Scaling
In the Phase 1 of this course, we had seen AKF scale cube and how it can help in segmenting services, defining microservices and scaling the overall application. We will use a similar strategy to scale our application - while using the estimates from the previous section, so that we can have a data driven design rather than arbitrarily choosing scaling patterns.
Splitting the application
Considering the huge volume of traffic that might be generated by our application, and the related resource requirements in terms of memory and CPU, let us split the application into smaller chunks. One of the simplest ways to do this would be to simply divide the application along the endpoints, and spin them up as separate instances. In reality, this decision would probably be a little more complicated, and you might end up having multiple endpoints running from the same instance.
The images can be stored in an object store that can be scaled independently, rather than locating it on the servers where the application or the database resides. This would reduce the resource requirements for the servers.
Stateful vs Stateless services
The resulting design after such distribution of workloads might look something like this.
You might notice that the diagram also has multiple databases. We will see more about this in the following sharding section.
Now that we have split the application into smaller services, we need to look at scaling up the capacity of each of these endpoints. The popular Pareto principle states that “80% of consequences come from 20% of the causes”. Modifying it slightly, we can say that 80% of the traffic will be for 20% of images. The no. of images uploaded vs the no. of images seen by the user is going to be similarly skewed. An user is much more likely to view images on a daily basis than they are to upload new ones.
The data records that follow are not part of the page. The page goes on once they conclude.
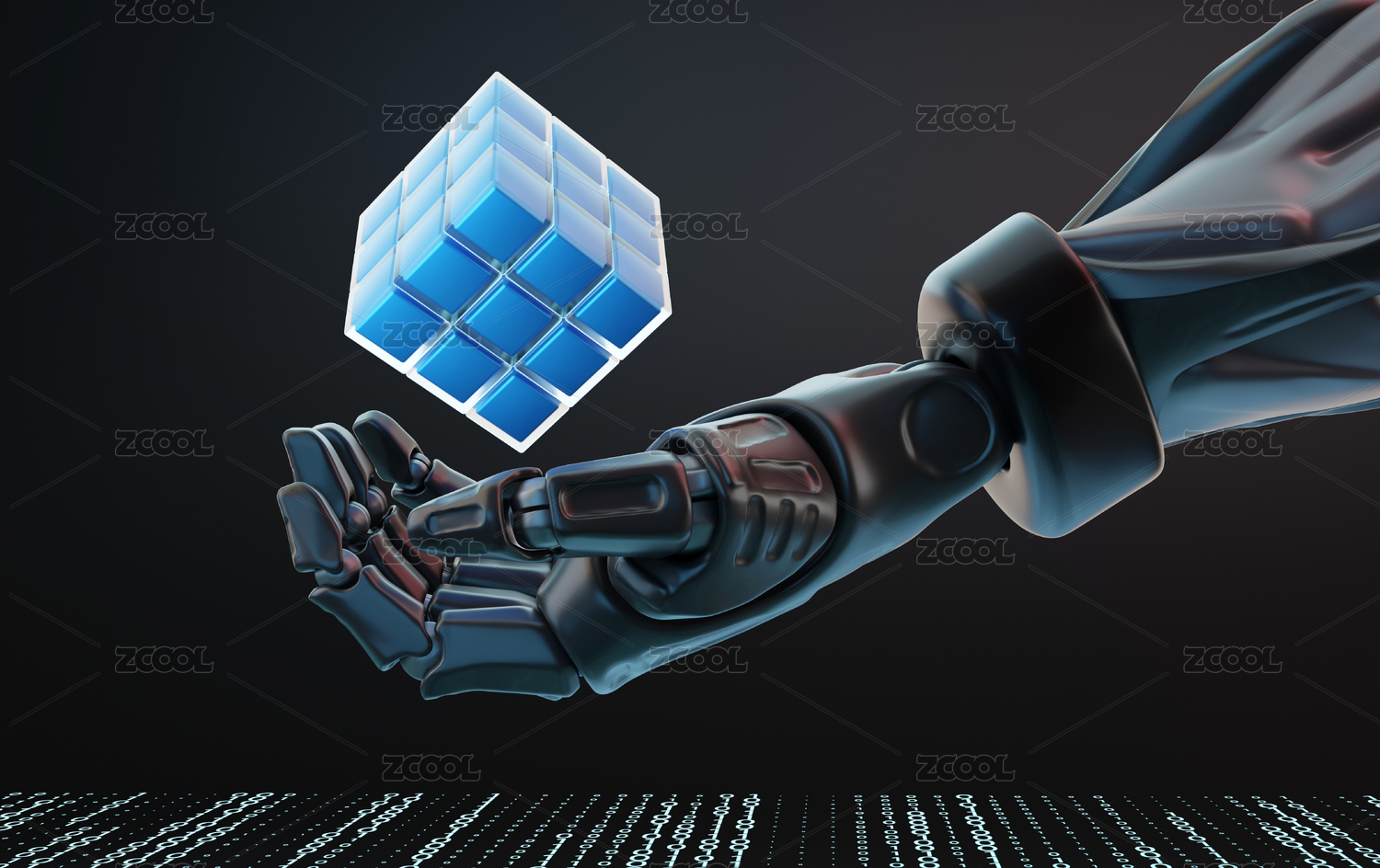 智能AI科技黑色场景机械手握魔方科幻朋克
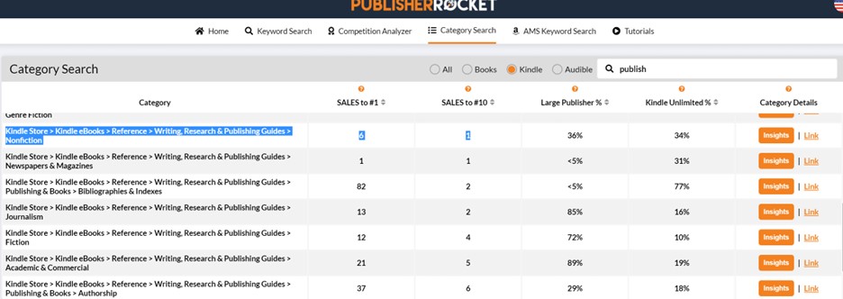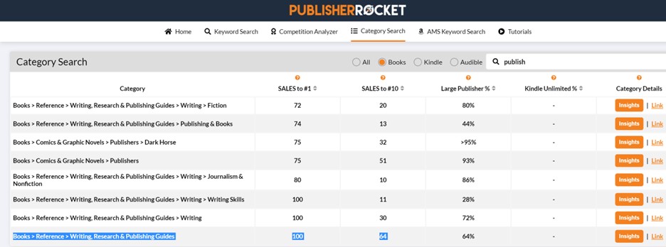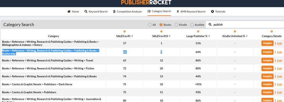 I began with a category search in Rocket for the word “publish.” I sorted the results by the number of book sales needed to get into the top ten of each category:
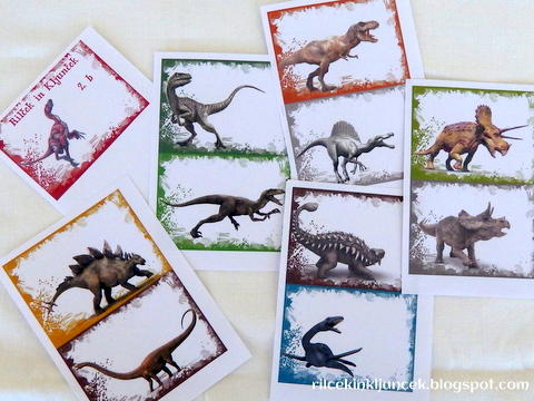 Moj mladič je že v drugem razredu in letos si je za temo nalepk izbral dinozavre ... tako sem izdelala serijo nalepk, ki sem jih natisnila na samolepilni foto papir. Nato sem jih izrezala in še malo senčila z distress inki. Čisto malo na robovih ... sem pač perfekcionistka.
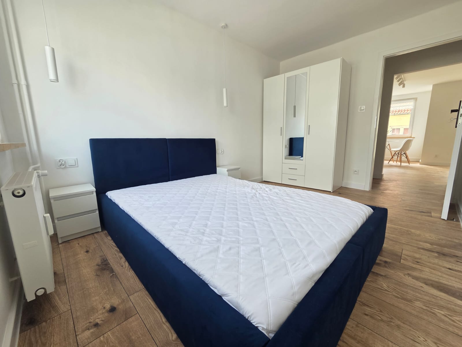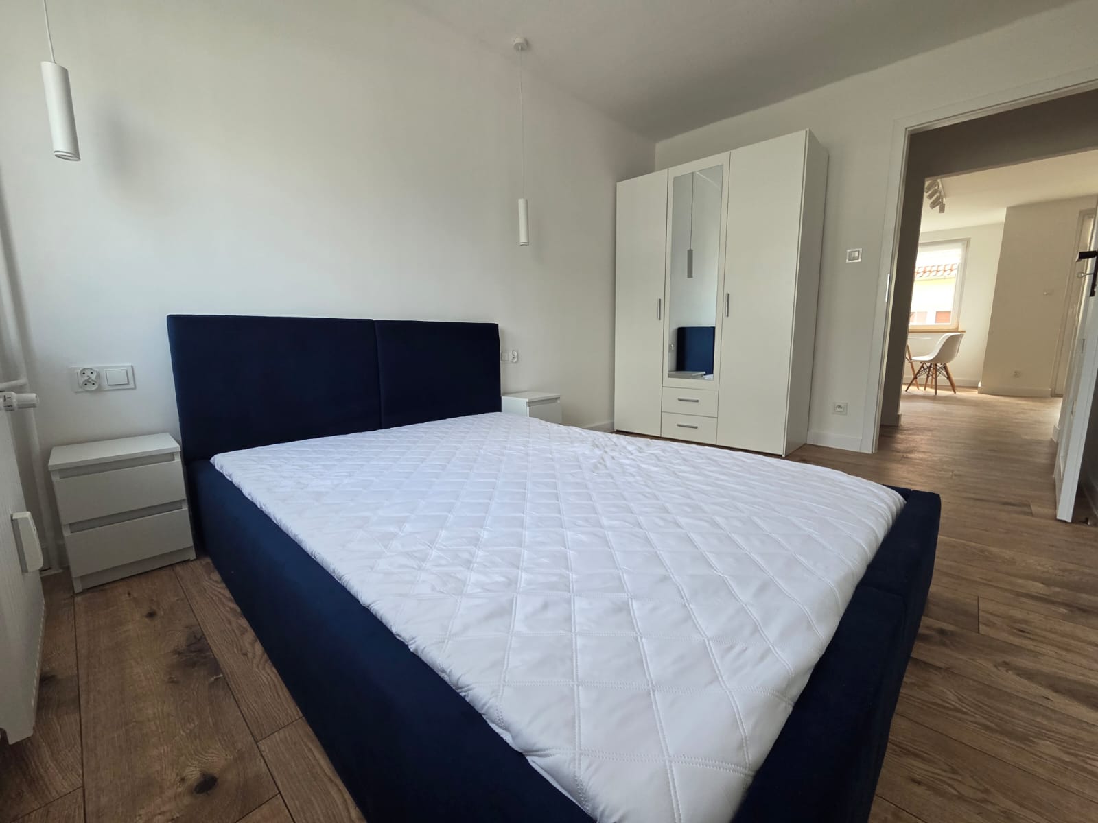 A w sypialni duże małżeńskie łóżko oraz szafki nocne i duża pojemna szafa.

In our simple design, generating the feed page with initial 5 images will be a matter of choosing 5 recently uploaded images from fellow users whom this user follows. While we can dynamically fetch the images from the database and generate the page on the fly once the user logs on, we might soon overwhelm the database in case a large number of users choose to login at the same time and load their feeds. There are two things we can do here, one is caching, and the other one is ahead of time generation of user feeds.
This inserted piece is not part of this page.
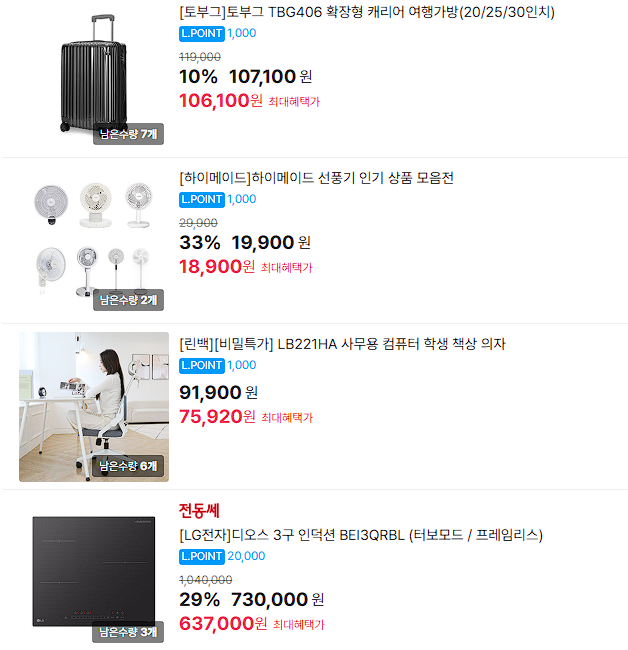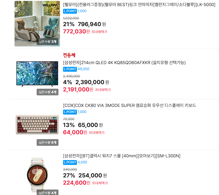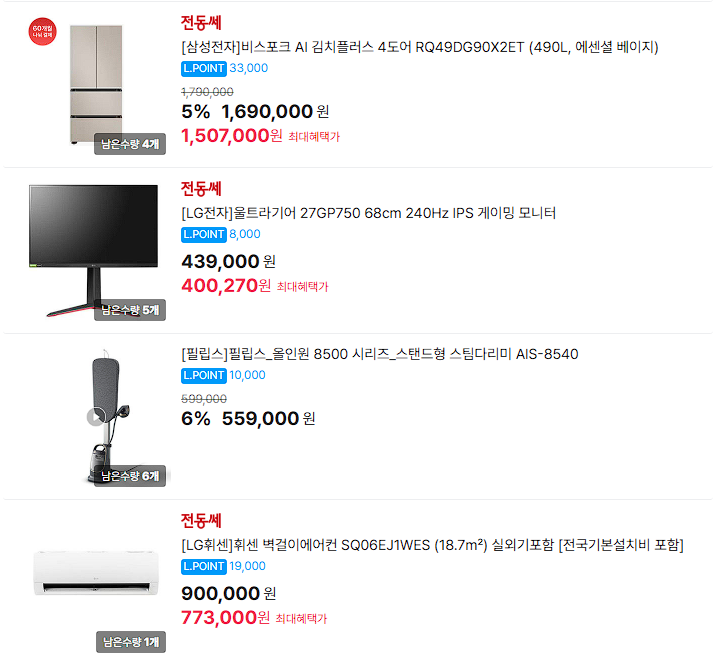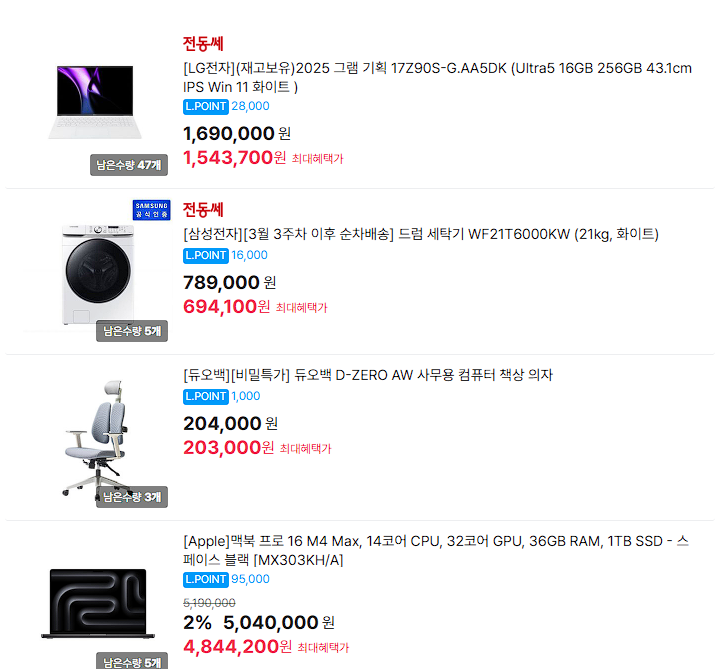 할인 품목 : 노트북, 세탁기, 키보드 등

An user with a million followers can potentially lead to hundreds of thousands of calls to the DB, simply to fetch the latest photoID that the user has uploaded. This can quickly overwhelm any DB, and can potentially bring down the DB itself.
Sharding
One way to solve the problem of DB limitation is scaling up the DB write and reads. Sharding is one way to scale the DB writes, where the DB would be split into parts that reside in different instances of the DB running on separate machines. DB reads can be scaled up similarly by using read replicas as we had seen in Phase 1 of this module.
Compared to the number of images the popular user uploads, the number of views generated would be massive. In that case, we should cache the photoIDs of the user’s uploads, to be returned without having to perform a potentially expensive call to the DB.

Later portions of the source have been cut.